Он ведь совсем не злой, ее мальчик, ее Аякс… Никогда не был злым по-настоящему.
Только то что его забрало, изломало и после вышвырнуло обратно с драгоценной побрякушкой от Селестии, в обмен на жизнь почти отняло у него всю прежнюю мягкость, всю жалость к другим…
Нарочно или нет словно ледяная волна прилива он сминал теперь и крушил все хрупкое, непрочное вокруг себя, пока, наконец, не врезался в чужую силу как в гранитные скалы… Нежная, тихая девочка из теплых земель — разве хватит сил выдержать?
Смутная тревога холодными льдинками покалывала сердце.
— Это, надо думать, смотрины? — с едва заметной усмешкой заметил неслышно вошедший на кухню муж. Отодвинув расшитую занавеску, хмыкнул, пристально глядя на заснеженный двор, где Аякс чистил снег и после колол дрова.

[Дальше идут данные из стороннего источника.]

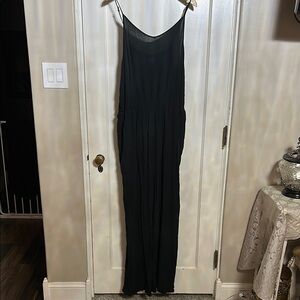 This SO black jumpsuit showcases a relaxed fit with wide-leg pants and thin spaghetti straps, offering a sleek and timeless look. The soft fabric drapes naturally, making it a comfortable choice for any occasion. Its minimalist design ensures it can be easily dressed up or down. *Missing belt.

Теперь же маленькая, похожая на щуплую птичку чужеземка гоняла по двору их здоровенного, известного всей Снежной воинскими умениями сына тяжелым, суковатым бревном, взметая кругом вихри снега и не слушая торопливые, громкие извинения.
Переглянувшись, они с мужем примолкли, невольно вспоминая что-то схожее, давнее, заметенное поземкой давно, на двоих общее, и его рука, теплая, тяжелая, с той же самой скупой нежностью как и много лет назад легла на ее плечо.
На душе вдруг немного спокойней и легче стало. Стало теплей.